Even with some of the compromises, it would be nice to hear a talent like the traditional leaning Sweeney on the radio. What’s more, with a song like this, we likely will.

Written by Bob DiPiero, Karyn Rochelle & Sunny Sweeney

Grade: B+

Listen: From a Table Away


  1. I tried to read the review but the m&m pretzel ad wouldn’t go away. what’s the trick? there’s no “x” to click on to remove it.

  2. I hear Fleetwood Mac in so much contemporary country today, “Little Lies” in this case (at a different tempo, of course). Sunny Sweeney marries that with a Texas country twang that sort of recalls Natalie Maines, but sounds more wounded and less cosmopolitan. It’s not the most interesting of what Sweeney can do, but this is still a very good track.

  3. It would be nice to hear some more traditional-leaning music on country radio. I hope Sweeney can get some airplay. Considering Easton Corbin’s recent success, I suppose it’s possible that country radio may begin leaning toward music that actually sound country.

    Great review, Leeann – a very accurate a well-written description of this song.

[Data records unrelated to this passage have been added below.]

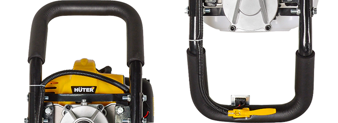 - Амортизаторы на рукоятках гасят вибрации и повышают удобство работы с бензобуром HUTER GGD-300.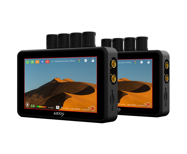 Profesionální balíček monitorů Vaxis Atom A5 SDI obsahuje dva kompaktní bezdrátové monitory Atom A5 SDI 5,5", z nichž každý funguje jako vysílač i přijímač v rámci ekosystému Vaxis Atom pro přenos videa v přímé viditelnosti až do vzdálenosti 1000'. Monitory jsou vybaveny dotykovým LCD displejem s rozlišením 1920 x 1080, jasem 2000 cd/m² a kontrastem 1200:1. a podporují rozlišení 1080p60 přes vstupy SDI a HDMI s výstupy loop-through, vestavěné nahrávání MP4 proxy na microSD, synchronizaci časového kódu se spouštěčem nahrávání kamery a pokročilé zobrazovací nástroje CINE OS (vlnová forma, vektorskop, histogram, peaking, až 50 3D LUT). Každá jednotka obsahuje dvě vyměnitelné antény, pevnou dvojitou bateriovou desku řady L a 1/4"-20 upevnění. Balíček zvyšuje použitelnost celkem devíti anténami, dvěma 32GB SD kartami, dvěma SDI kabely, dvěma ochrannými fóliemi na displej, popruhem na monitor, výsuvným stativem s držákem na monitor a přenosným kufříkem pro profesionální práci v terénu.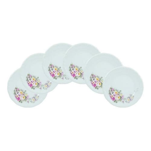 A delicadeza das rosas e a sutileza dos tons pásteis é o que define uma das decorações mais tradicionais da marca. O estojo é composto por 6 pratos rasos com 26 cm.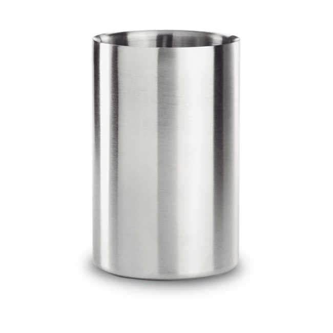 Dubbelwandige ronde flessenkoeler van roestvrijstaal.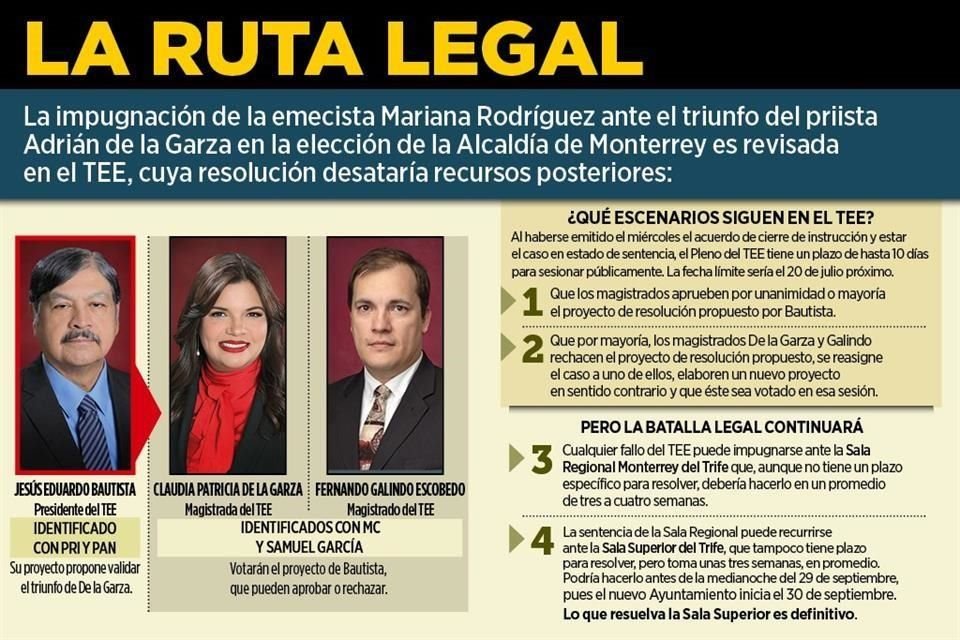 En el caso de la impugnación a la elección del municipio de Monterrey, que presentaron Mariana Rodríguez y su partido Movimiento Ciudadano (MC), el proyecto de resolución que se plantea en el Tribunal Electoral del Estado (TEE) propone validar el triunfo del priista Adrián de la Garza.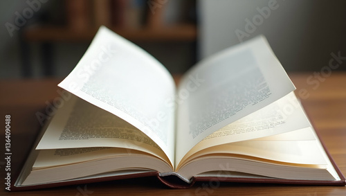 An empty open book with pristine white pages inviting boundless imagination and creative storytelling concept as Clean open book with blank white pages symbolizing endless imagination and the start of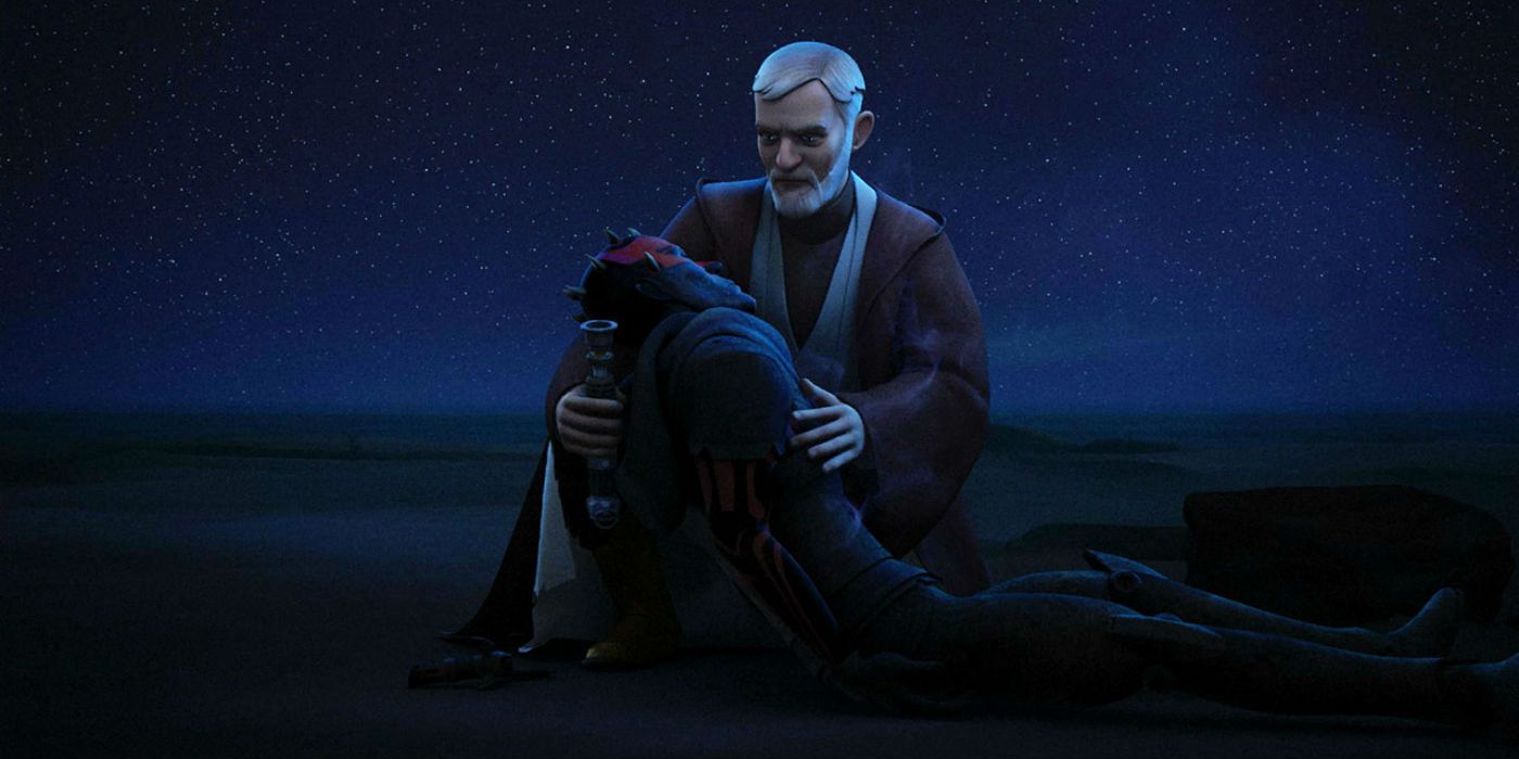 Los dos se enfrentan en un duelo durante Star Wars Rebels, en el que Maul intenta hacer el mismo truco con Obi-Wan que con Qui-Gon, pero en su lugar se encuentra con un rápido tajo en el cuerpo. Esta breve escena de lucha fue, con mucho, una de las mejores escenas de toda Star Wars.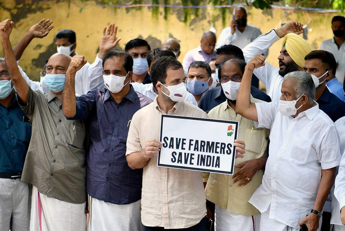 விவசாயிகளை காப்பாற்று, இந்தியாவை காப்பாற்று என்ற பதாகைகளை ஏந்தியவாறு போராட்டத்தில் கலந்து கொண்ட காங்கிரஸ் தலைவர் ராகுல் காந்தி.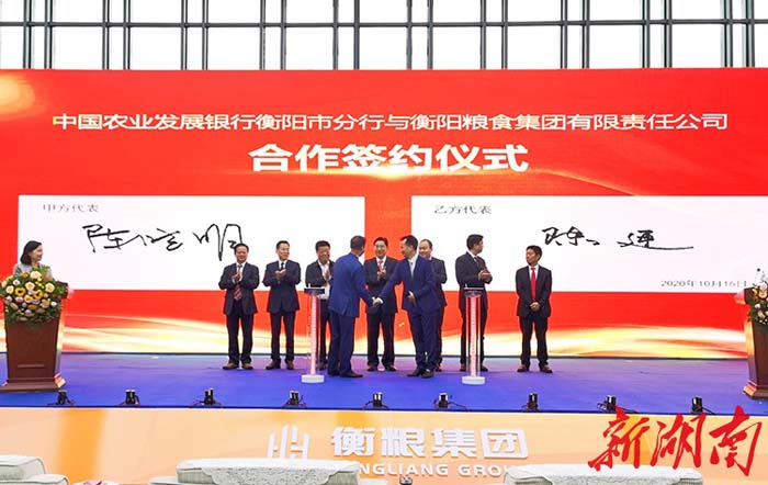 △揭牌儀式上,衡糧集團(tuán)與市農(nóng)發(fā)行簽署了合作框架協(xié)議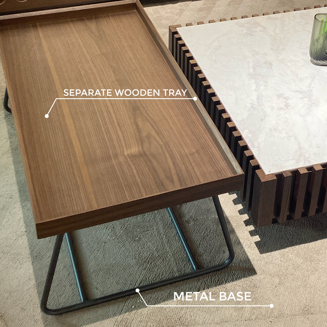 The Aspen Duo Modern Coffee Table features a graceful marble top paired with a wooden frame with ribbed detailing. It also includes a separable wooden tray table with a metal base, creating a dual-level design perfect for versatile serving and display.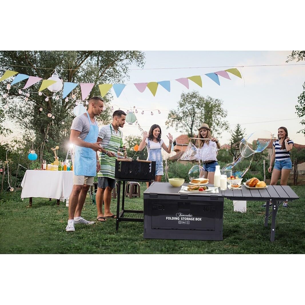 Folding Table Storage Bin With Collapsible Box Wood Lid And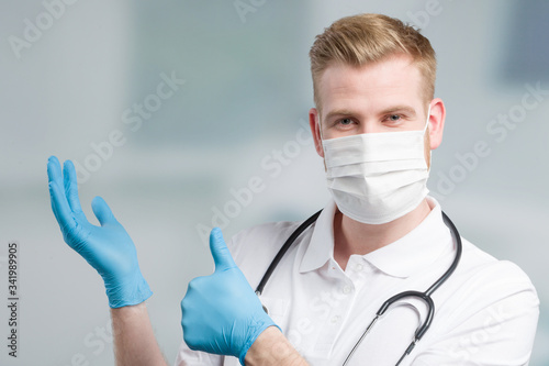 protection, hygiene, professional, education, thumb up, doctor, general practitioner, virus, bacillus, germ, glove, laboratory, clinic, hospital, quarantine, epidemic, sars, medicine, equipment, academic, scientist, safety, confidence, fearless, serious, labcoat

  4. I really, really love this song!! But you know what song will get all the airplay. The teeny bopping, bad vocalist will shoot up the charts and this great one will fade away!!

  5. Great review. Now that Miranda has broken at radio, Sunny is tied with Laura Bell Bundy as my favorite mainstream underdog.

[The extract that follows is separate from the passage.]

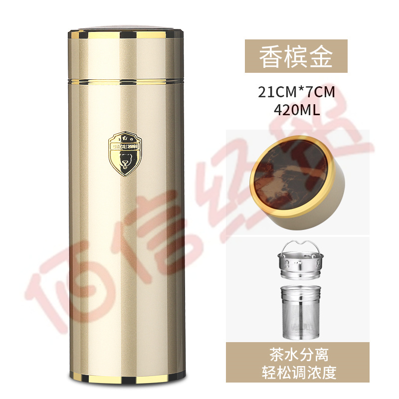 匡迪316不銹鋼商務保溫杯男女高檔泡茶杯大容量水杯禮品定制刻印字杯 香檳金茶水分離網(wǎng) 420ml 自營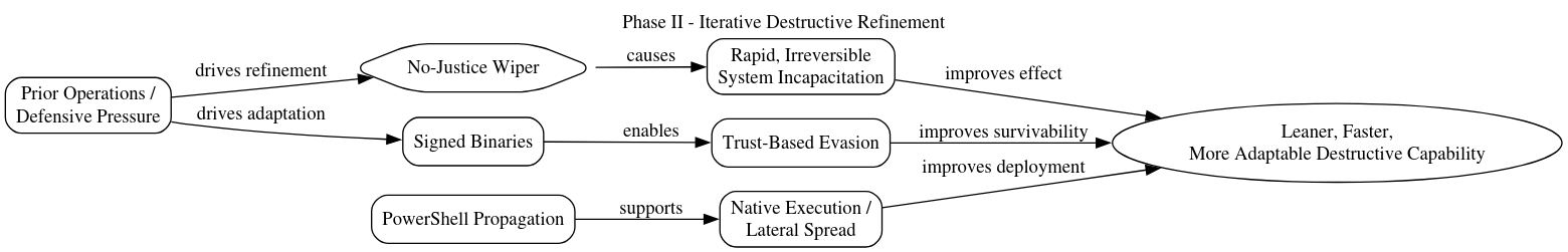 During this period, the introduction of the No-Justice Wiper marked a refinement in destructive tooling. Designed for rapid and irreversible disruption, the malware emphasized system incapacitation, including preventing successful operating system boot. The use of signed binaries suggests an increased emphasis on evasion and trust abuse, while PowerShell-based propagation reflects a growing reliance on native system capabilities to enable flexible and low-friction deployment. Together, these developments indicate an evolution toward more efficient, harder-to-detect operations while preserving the campaign’s core objective of high-impact disruption.

  6. …that sort of recalls Natalie Maines, but sounds more wounded and less cosmopolitan.

    I think she sounds a lot like Maines here. This song doesn’t do much for me, personally, but it’s a good song, and it’ll be refreshing to hear on country radio.

  7. I couldn’t believe how much she sounds like Natalie Maines the first time I heard this song. I think that drew me to the song more.

    I’ll have to check out her debut album, too. “A Pure Honky-Tonk delight…” seems like something I would enjoy.

  8. the cd is boring….sounds like another ‘over produced’ nashville cd!!!!

    she should have stuck to the sound of her 1st cd.

  9. I just heard this song on the radio for the first time yesterday. The DJ kept calling it Sunny’s “debut single.” It’s not her debut single – it’s just the first single that country radio paid any attention to.

  10. Sunny was appearing at a harley dealership and our local country station played it all the time–now that the time has passed–they are not playing it hardly at all—She is a lot better singer than Taylor Swift—(she can’t sing)-but yet i hear her terrible voice on radio all day long.

  11. I love this. Sung with the right amount of cynicism and pain. It’s catchy but not corny. Sweeney is a far better singer than Swift (who can’t deliver a big line without taking a huge audible breath halfway through).

  12. I have fallen for this single From a Table Away. Can’t stop playing it. The video is extremly well done. Sunny hope you do more of this type of music.

  13. This song is so awesome! I can’t stop playing it. Sunny Sweeney and this song are so polished. I’m so tired of hearing poorly written, simplistic, badly produced songs on the radio in addition to bad, over-hyped singers like Taylor Swift. Sunny Sweeney and Miranda Lambert are the real deal.